Defense Contractors Seek Fiscal Cliff Relief, Budget-Busting Tax Breaks At Same Time

Defense Contractors Seek Fiscal Cliff Relief, Budget-Busting Tax Breaks At Same Time

There’s probably no group of companies more alarmed about going over the “fiscal cliff” of tax increases and spending cuts due to take effect next month than defense contractors. The cliff is heavily geared toward inflicting pain on the industry, with $500 billion in cuts to government defense spending over the next decade, a process called for extraordinarily boring reasons “sequestration.”

In recent weeks, defense industry representatives have issued increasingly dire warnings about the dangers posed by the cuts.

“The dangers of sequestration are by now well understood, with more than 2 million jobs hanging in the balance and the Joint Chiefs warning of severe damage to America’s security,” David Hess, chairman of the Aerospace Industries Association, wrote to President Barack Obama earlier this week, in a letter signed by more than 130 aerospace and defense CEOs. “Accordingly, we are encouraged by the bipartisan commitment to stop sequestration and pursue a more responsible approach to our longer term fiscal challenges.”

Less understood is the role the industry has played in pushing the country to the economic precipice. For years, these companies have lobbied for — and won — lucrative tax breaks that have cost the government billions of dollars. Even now, their lobbyists are pushing for an extension of a break that allows some companies to avoid paying taxes on some income earned overseas.

According to a study by the nonprofit group Citizens for Tax Justice, aerospace and defense firms paid an effective tax rate of 17 percent from 2008 to 2010, much lower than the 35 percent corporate tax rate mandated by law and just under the 18.5 percent average effective rate paid by all industries.

Some of those companies, in fact, paid negative tax rates during that period, once you account for government tax breaks. One of those was aerospace giant Boeing, whose executive vice president Dennis Muilenburg signed the AIA’s letter to Obama. Boeing’s effective tax rate was -1.8 percent from 2008 to 2010, on $9.7 billion in profit, according to the Citizens for Tax Justice study. That cost the government more than $3 billion in tax revenue, had Boeing been taxed at the 35 percent rate.
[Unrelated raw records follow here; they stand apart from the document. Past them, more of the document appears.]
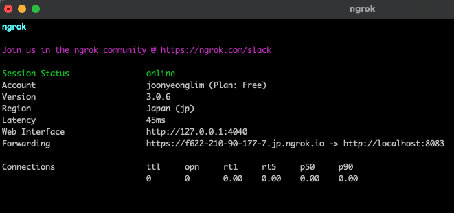 하지만 우리는 로컬에서 사용해볼 것이기 때문에 ngrok를 사용해서 진행해보겠습니다.
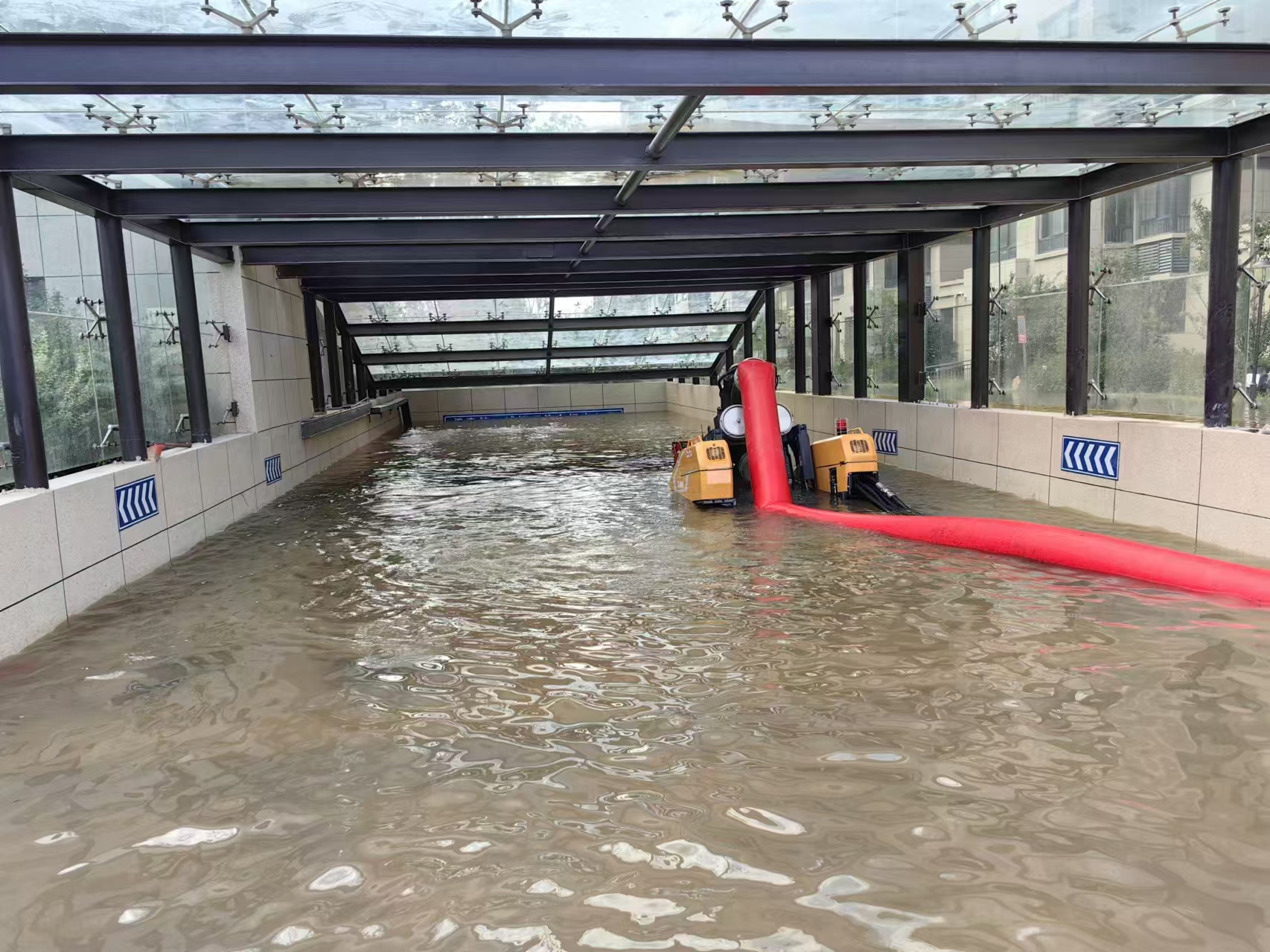 到達(dá)現(xiàn)場(chǎng)后,救援隊(duì)立即開(kāi)始鋪設(shè)水帶、檢查管路,憑借子母式排澇車可實(shí)現(xiàn)遠(yuǎn)程分離控制的功能,救援人員將PS50F停至地下車庫(kù)入口處,鋪設(shè)240米超長(zhǎng)水帶,遙控子車探入斜坡30余米,水泵沒(méi)入積水進(jìn)行抽排水。連續(xù)工作40小時(shí)后,PS50F排除積水超80000m3,內(nèi)澇隱患得到有效控制,獲得現(xiàn)場(chǎng)居民一致點(diǎn)贊。
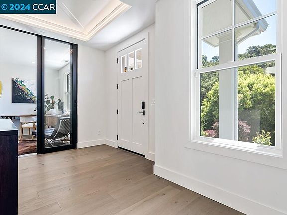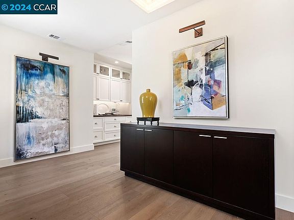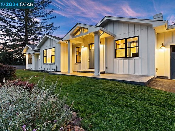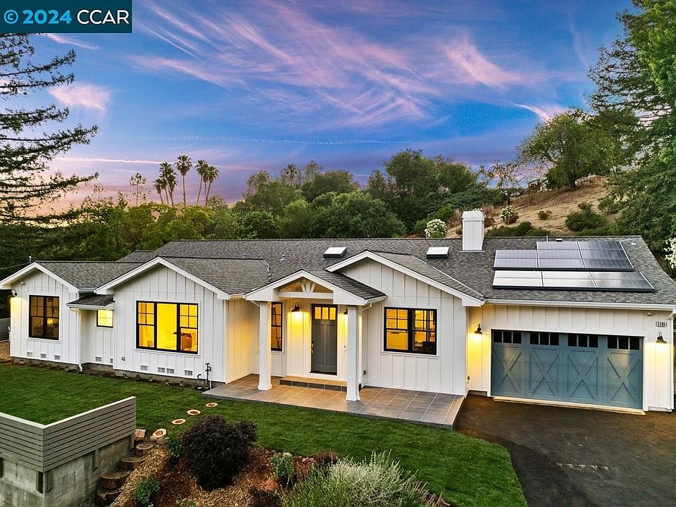 Built in 2021, this modern California ranch style home offers an ideal combination of easy living plus quality & amenities in a premium location. Walking distance to vibrant downtown Lafayette and Bart, yet tucked into this favorite Happy Valley Glen neighborhood, the location is truly special. Enjoy single level living with great yard spaces & views of the hills & nearby vineyards. Features include wide plank engineered hardwood floors throughout, high vaulted 13’ ceilings, beautiful cabinetry and architectural details. Extra tall, raised panel doors, deep baseboards, skylights. Exceptional floor plan with two offices - one located off of entry, plus an additional detached studio shed offering a second work from home space. Stunning great room + separate playroom, showstopper kitchen with two islands, top appliances and a back kitchen/pantry space. Beautiful bathrooms, dream laundry room, lots of built-ins and storage throughout. Primary suite with glass door to a private patio and large windows showcasing the views. Owned whole house solar + Tesla power walls. Private & serene setting at end of cul de sac. Wonderful yard & outdoor spaces incl large lawns, paver patio, swim spa for versatile uses including workout. Garden area, play spaces. Happy Valley Elementary.
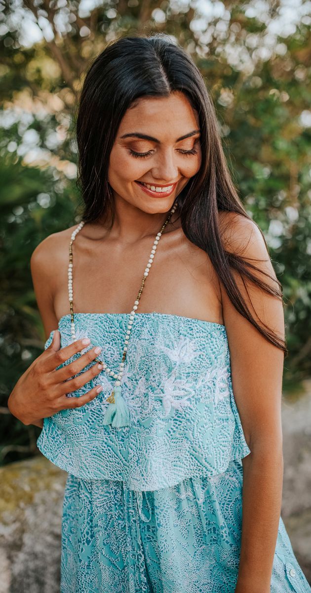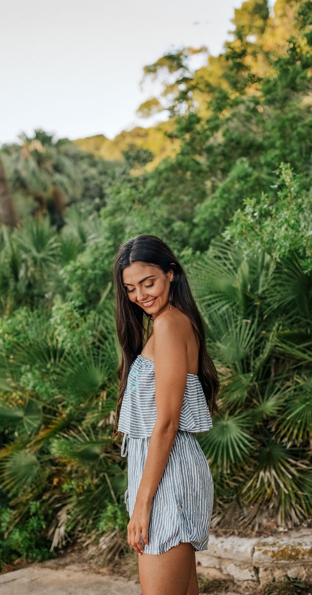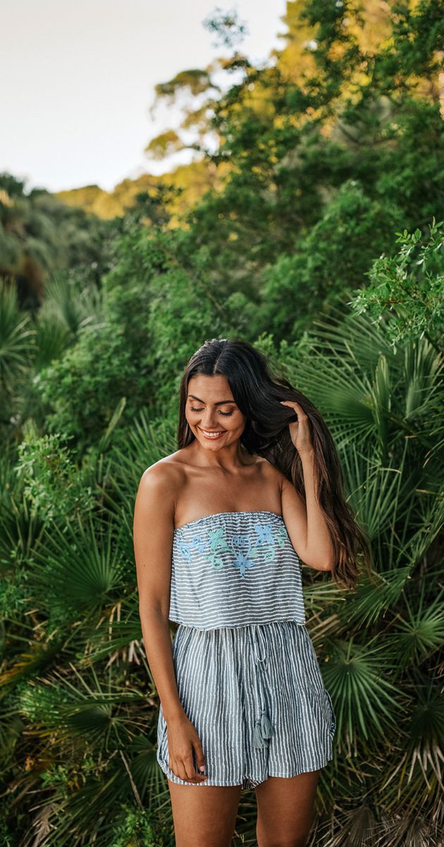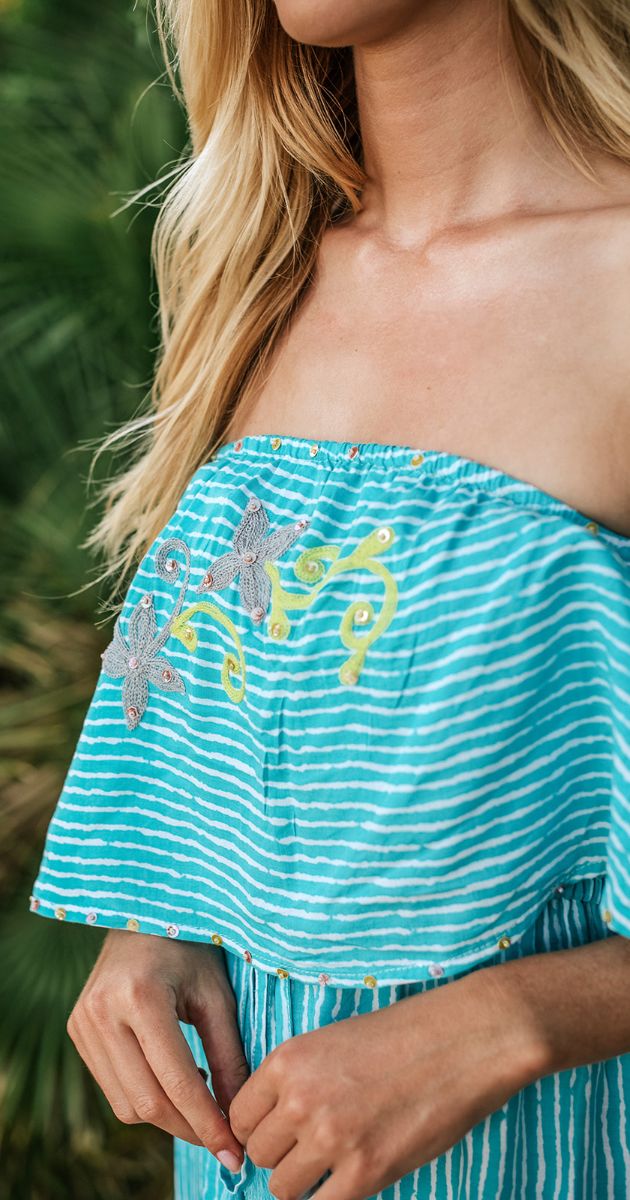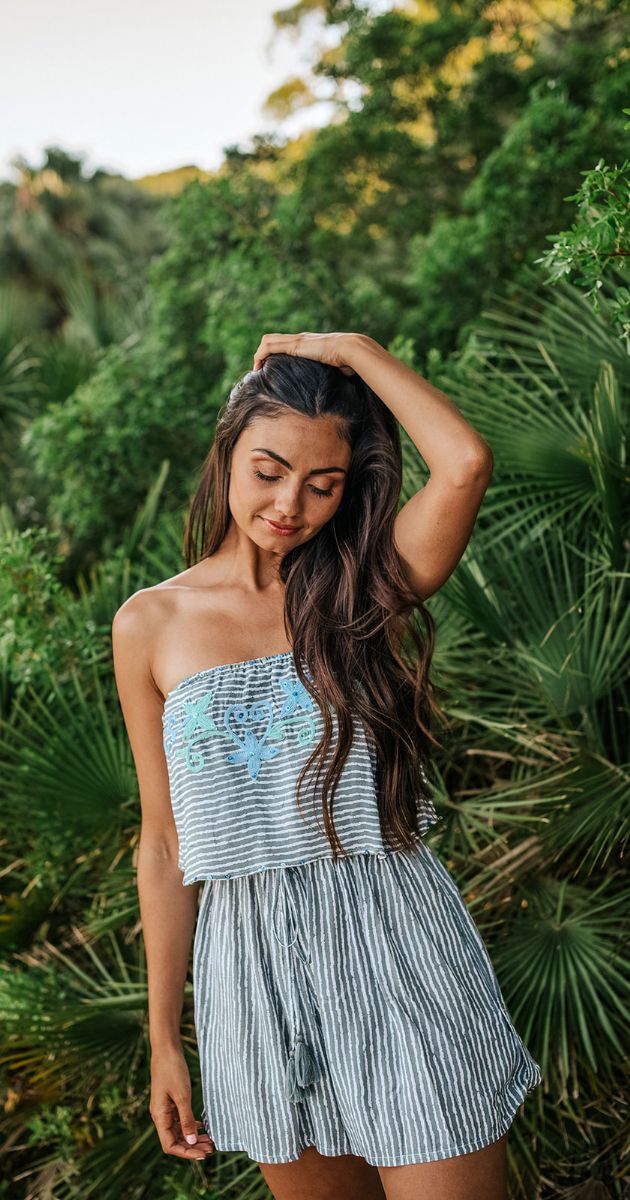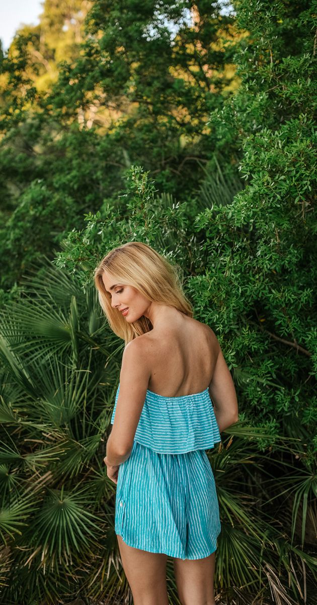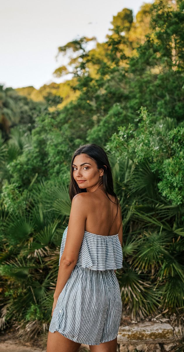 La combinaison courte Aysel nous rappelle la mode du bord de mer des côtes du Sud de la France dans les années 1930, avec ses fines rayures horizontales et ses broderies complexes sur la poitrine à volants. Elle est dotée d'un élastique à la taille pour un ajustement parfait et le joli nœud papillon au dos rend cette combinaison confortable tout à fait unique.
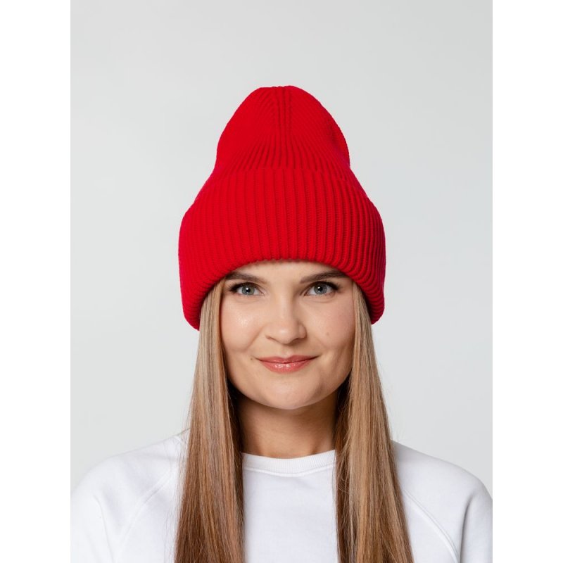 Удлиненная шапка объемной фактурной вязки с отворотом.

Boeing spokesman Chaz Bickers pointed out that the Citizens for Tax Justice study does not include deferred taxes that the company expects to pay later. The study covers a period in which Boeing was investing in new products and hiring workers, for which it received government tax breaks. Once sales of its new jet, the 787, pick up, the company expects to pay much higher tax rates, Bickers said. 

“We’re doing what we’re supposed to do: investing in jobs,” Bickers said. “We’re the biggest manufacturing exporter in the country, and we earn our revenue here in the U.S., and we pay the overwhelming majority of our taxes here in the U.S.”

And he’s right. The U.S. government gave Boeing tax breaks to encourage its investment, which may ultimately benefit the whole economy. Boeing claims to have created 11,000 new jobs in the past year.

But the defense industry also lobbied hard for those tax breaks and wants more, including some that will never go away.

David Hess, one of the signatories of the AIA letter, is the president of Pratt & Whitney, a division of United Technologies Corp., a large defense contractor that manufactures everything from escalators to aircraft engines. The company has actively lobbied for legislation that tax reform advocates say would enshrine into law an exemption that encourages multinational companies to use offshore shelters to avoid U.S. taxes.

United Technologies did not immediately respond to a request for comment. It’s not clear how much the company stands to save — or lose — should the exemption go away. But the company has joined more than a dozen other large U.S. manufacturers with sizable overseas operations, including Dow Chemical, Procter & Gamble and Koch Industries, to support a permanent extension of the tax break.

The bill, in essence, would permit a company with an overseas subsidiary that earns so-called “passive” income, such as royalties, to avoid U.S. taxes on that income indefinitely.

The details are complicated, but a sample scenario would work something like this: An overseas affiliate of manufacturing company, in France, for example, sells a product. Ordinarily, it would pay its U.S.-based parent a royalty on those sales. That money would be taxable under U.S. law.

To avoid that tax, multinational companies came up with a work-around: Set up a new corporation in a low-tax country, such as the Cayman Islands, and transfer over the patent on the product. Now, the French affiliate pays royalties to the Cayman-based company, instead of to the parent on U.S. soil. Under current law, companies still must pay U.S. taxes on that income. But Congress has renewed a tax loophole almost every year since 2006, allowing the companies to avoid the tax.

The exemption expired at the end of 2011. The bill United Technologies has lobbied to support would make the exemption permanent. It’s not clear what will happen to that effort, but a Senate committee recently approved another extension, which is likely to be approved.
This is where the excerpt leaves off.